▸ Task to complete: The lines from the beginning of the records below through the one holding "Influenza-like illness remained" are to be copied exactly; leave the pictures out.

▸ Records from a data source:

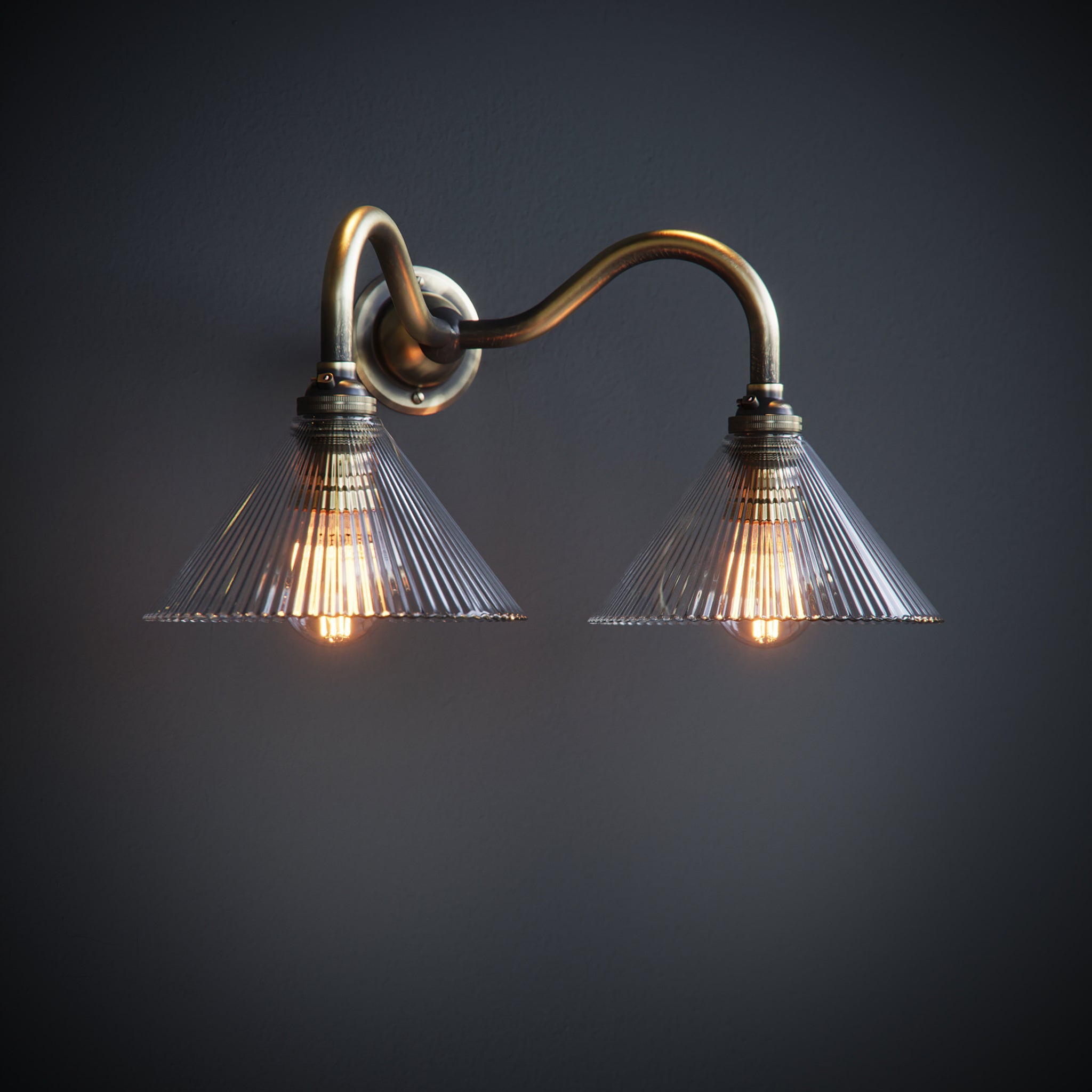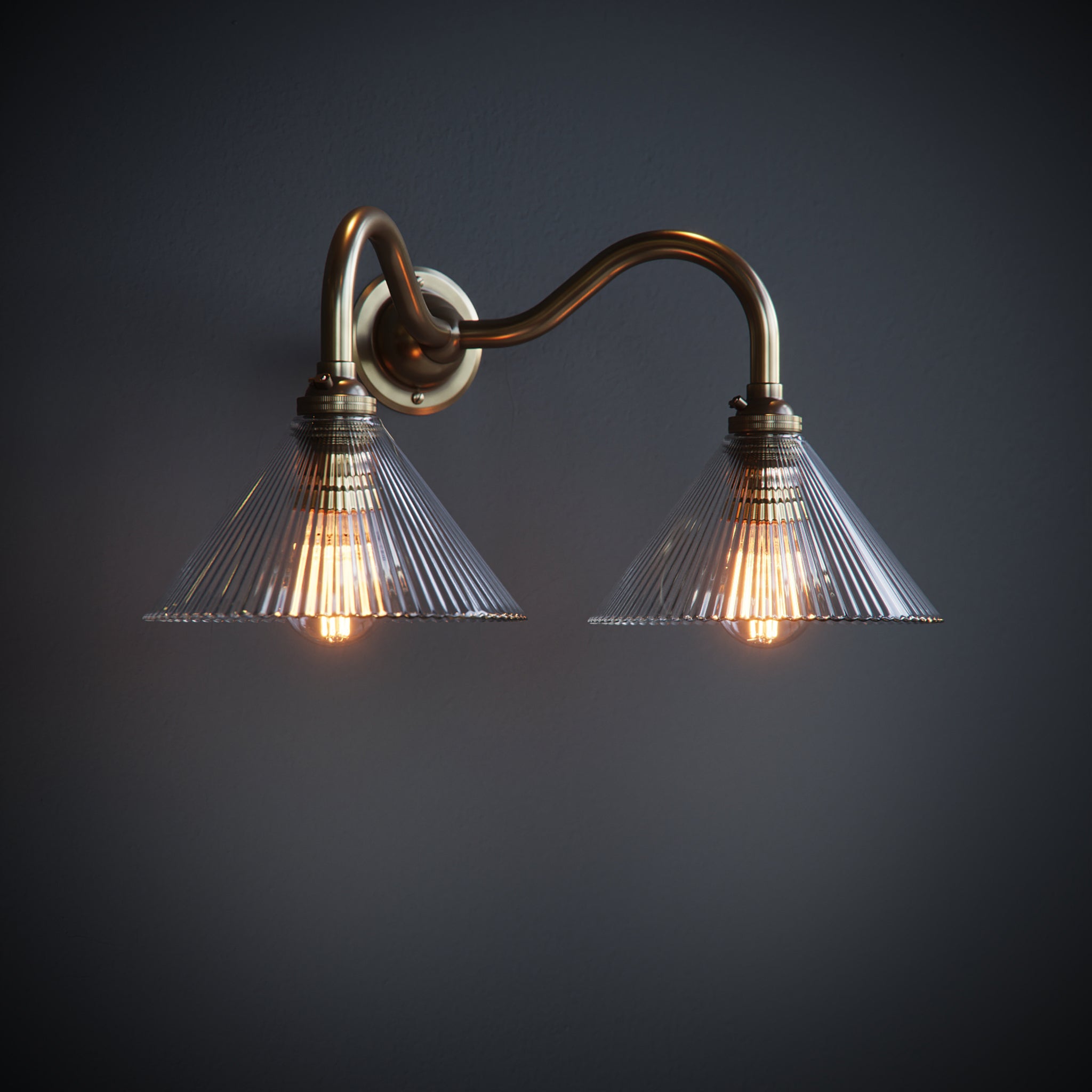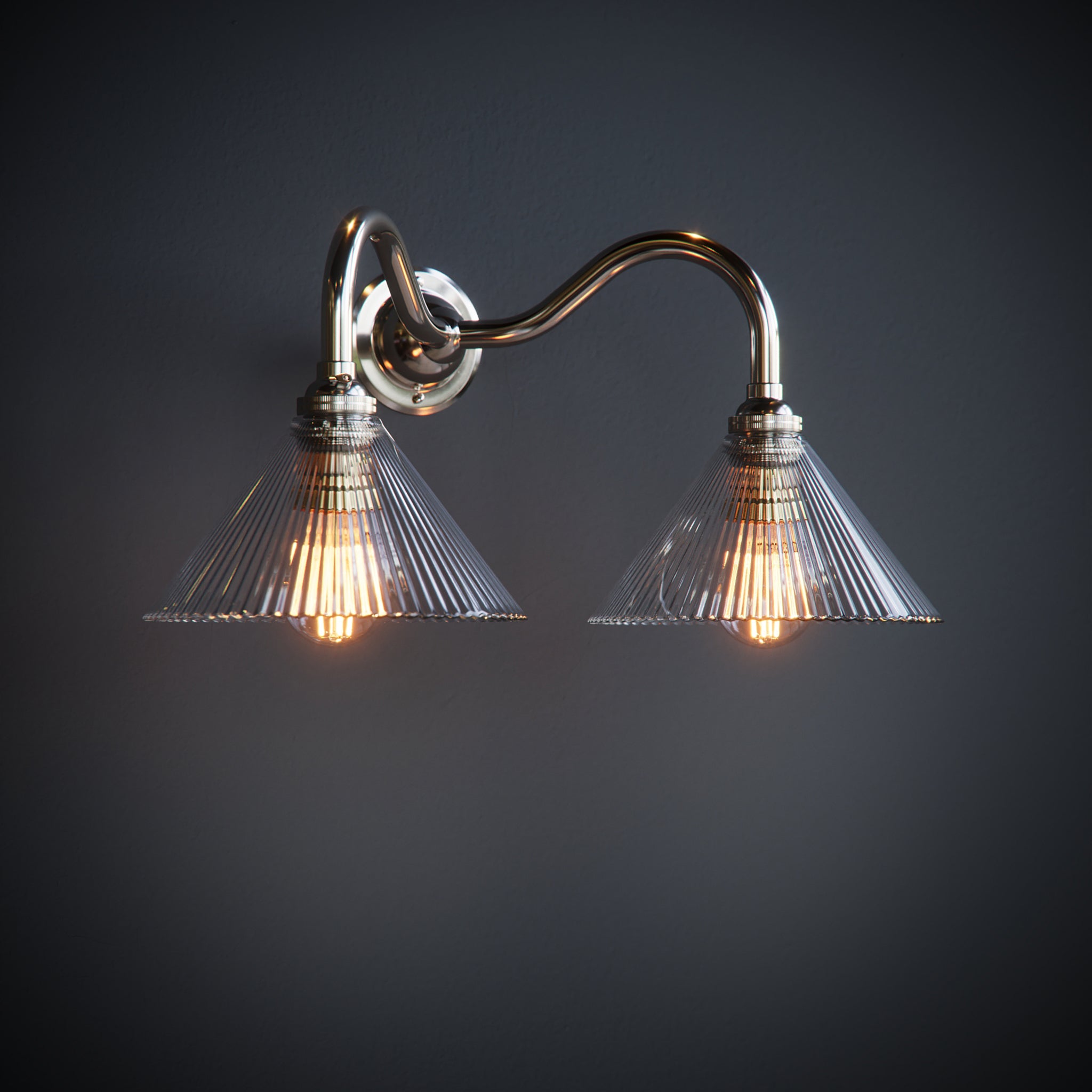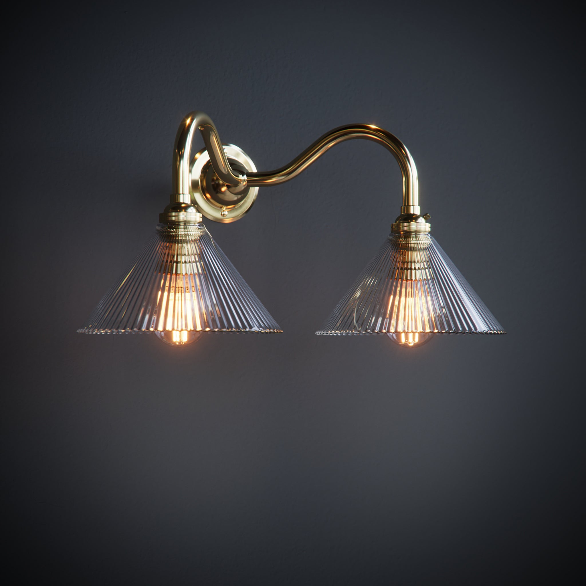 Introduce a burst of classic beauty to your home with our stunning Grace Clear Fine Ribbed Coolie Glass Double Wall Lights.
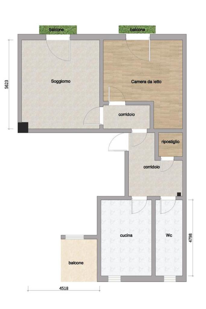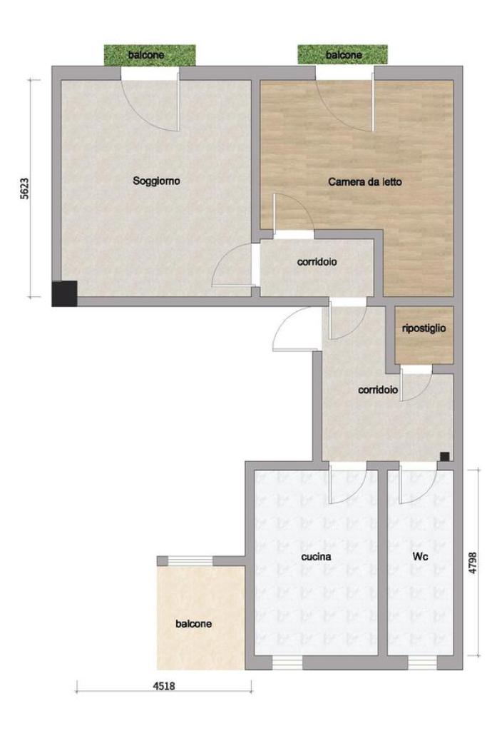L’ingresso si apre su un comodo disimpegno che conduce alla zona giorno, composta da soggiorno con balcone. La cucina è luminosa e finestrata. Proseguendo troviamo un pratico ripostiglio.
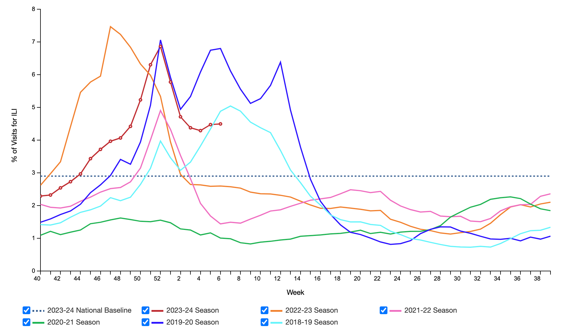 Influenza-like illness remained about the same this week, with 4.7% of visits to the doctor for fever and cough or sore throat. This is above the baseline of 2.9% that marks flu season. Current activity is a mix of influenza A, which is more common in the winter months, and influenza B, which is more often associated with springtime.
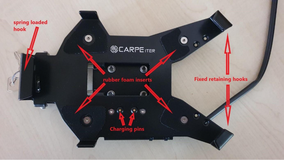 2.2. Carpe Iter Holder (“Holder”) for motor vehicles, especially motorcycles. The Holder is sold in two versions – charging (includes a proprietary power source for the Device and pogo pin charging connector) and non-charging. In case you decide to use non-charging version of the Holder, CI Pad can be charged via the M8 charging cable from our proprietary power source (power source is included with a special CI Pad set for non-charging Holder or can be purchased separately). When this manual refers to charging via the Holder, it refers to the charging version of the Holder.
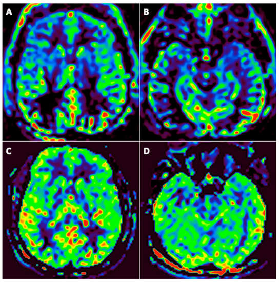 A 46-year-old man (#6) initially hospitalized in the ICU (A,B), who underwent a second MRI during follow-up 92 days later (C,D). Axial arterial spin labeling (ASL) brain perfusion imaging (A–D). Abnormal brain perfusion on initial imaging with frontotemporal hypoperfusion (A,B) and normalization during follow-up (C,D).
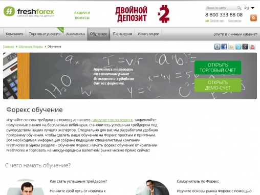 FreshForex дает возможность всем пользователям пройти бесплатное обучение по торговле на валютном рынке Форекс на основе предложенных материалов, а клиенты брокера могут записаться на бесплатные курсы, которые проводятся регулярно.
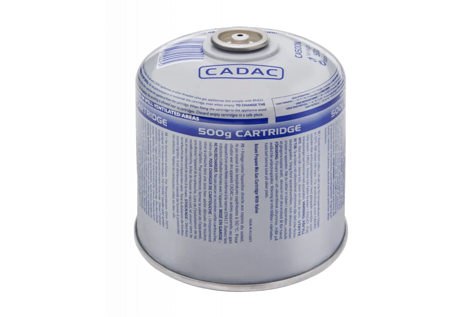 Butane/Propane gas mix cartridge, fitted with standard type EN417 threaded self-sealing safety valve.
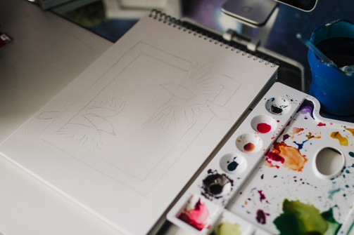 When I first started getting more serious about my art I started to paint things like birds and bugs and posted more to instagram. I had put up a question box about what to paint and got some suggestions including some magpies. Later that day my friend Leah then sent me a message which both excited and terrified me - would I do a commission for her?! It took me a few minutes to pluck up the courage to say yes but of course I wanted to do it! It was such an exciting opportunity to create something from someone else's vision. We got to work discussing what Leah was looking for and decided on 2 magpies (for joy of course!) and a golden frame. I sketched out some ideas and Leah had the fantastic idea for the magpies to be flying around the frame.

▸ Result:
 Introduce a burst of classic beauty to your home with our stunning Grace Clear Fine Ribbed Coolie Glass Double Wall Lights.
L’ingresso si apre su un comodo disimpegno che conduce alla zona giorno, composta da soggiorno con balcone. La cucina è luminosa e finestrata. Proseguendo troviamo un pratico ripostiglio.
 Influenza-like illness remained about the same this week, with 4.7% of visits to the doctor for fever and cough or sore throat. This is above the baseline of 2.9% that marks flu season. Current activity is a mix of influenza A, which is more common in the winter months, and influenza B, which is more often associated with springtime.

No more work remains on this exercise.